The prosecution had sought a first-degree murder conviction.

Kuhlman previously pleaded guilty to second-degree murder in a 2002 plea bargain agreement, but returned to court and won a post-conviction relief appeal that resulted in a trial.

The suspect contended he did not understand that the plea agreement would require every day of his 20-year sentence be served. Kuhlman said he believed he would be entitled to credits for good behavior.

The 41-year-old Payson man did not have much to lose in going to trial. There was the chance of an acquittal or dismissal, or possibly a longer sentence on a first-degree conviction. But Kuhlman was already serving 20 years, ordered through his plea agreement.

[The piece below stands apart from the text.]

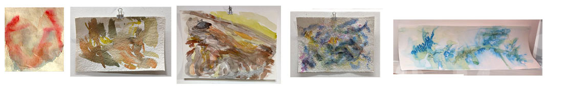 We werken met verf (waterverf & acrylverf) op opgespannen papier. Sommige werken zullen een aantal lessen nodig hebben om tot volle wasdom te komen.

In Arizona, second-degree murder carries a sentence of 10 to 22 years, and requires that every day of the sentence be served. Kuhlman may get credit for time already served. Sentencing rests with Judge Peter Cahill, who will determine Kuhlman's prison term Jan. 20.

Following the verdict, defense attorney Christy Riggins said, "We're very disappointed by the verdict. Obviously the jury found he wasn't guilty of committing premeditated first-degree murder. A lot of legal issues need to be resolved by the court of appeals." Riggins indicated that she would file paperwork to begin the appeals process on the request of her client.

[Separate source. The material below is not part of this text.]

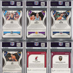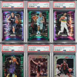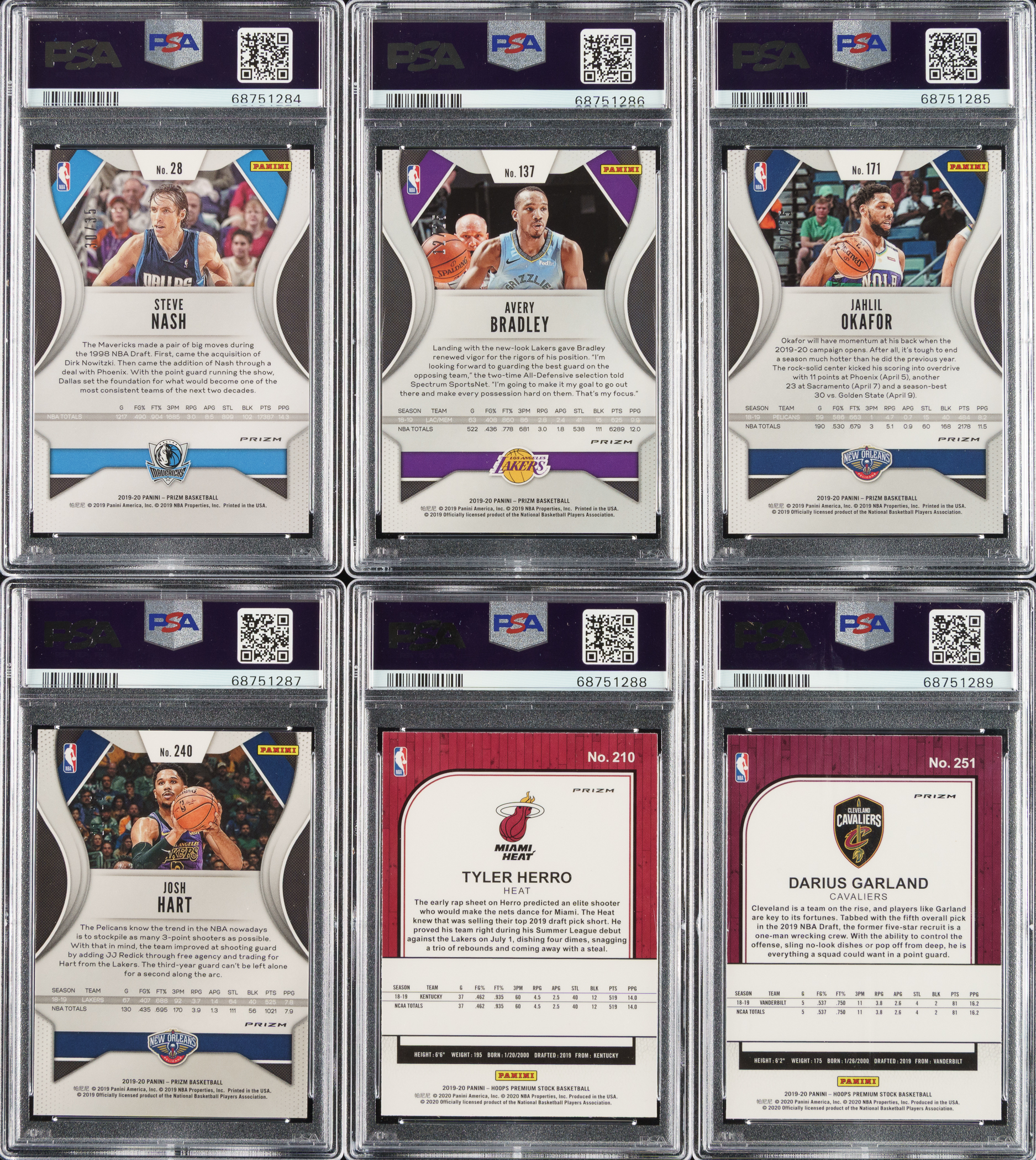 Collection of six 2019-2020 Panini Prizm and Panini Hoops Premium Stock basketball cards, featuring Phoenix Suns Hall of Famer Steve Nash. Each card has been graded and encapsulated by PSA. This collection consists of the following: 1) 2019-2020 Panini Prizm (4 cards): #28 Nash/Purple pulsar (#30/35, MINT 9), 137/Green pulsar (#12/25, GEM MINT 10), 171/Purple pulsar (22/35, GEM MINT 10) and Hart/Green pulsar (21/25, GEM MINT 10). 2) 2019-2020 Panini Hoops Premium Stock (2 cards): #210/Silver mojo (GEM MINT 10) and 251/Silver mojo (MINT 9). Total: 6 cards.

Gila County Attorney Daisy Flores said the prosecution would seek the maximum sentence of 22 years by proving aggravating circumstances. Those circumstances include several other domestic violence incidents involving Kuhlman. The length of the sentence depends upon aggravating and mitigating circumstances.

As the law permits, Kuhlman did not take the stand during the trial.

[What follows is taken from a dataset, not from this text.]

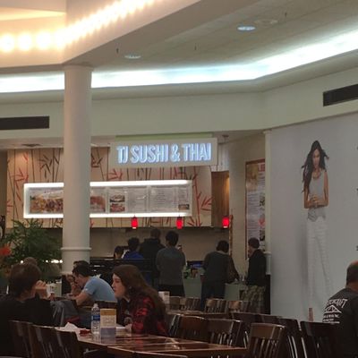 Mall food court Asian eatery offering sushi and hibachi, with some inconsistencies in food quality noted.

"My office really appreciated all the hard work of the Payson Police Department," Flores said. "Hopefully, with this conviction, there will be closure for Susan Birchak's family."

Murder weapon undetermined

In the Dec. 23 edition of the Payson Roundup, it was reported, based on earlier testimony, that police suspected Birchak was strangled with a vacuum cleaner hose. That theory was not proven in court testimony.

It was determined that Birchak died as a result of strangulation. Police had collected a vacuum cleaner hose, and said suspicious marks on the victim's throat matched the pattern on the hose.

The exact manner in which strangulation occurred was not determined, nor was any item in evidence proven to be the murder weapon.

Defense counsel Riggins tackled the issue, saying, "The pathologist indicated that the most likely weapon would have been a belt. They never found a belt." Prosecutors theorized in closing arguments that the marks on Birchak's neck were caused by jewelry on her hands while she was attempting to protect her throat.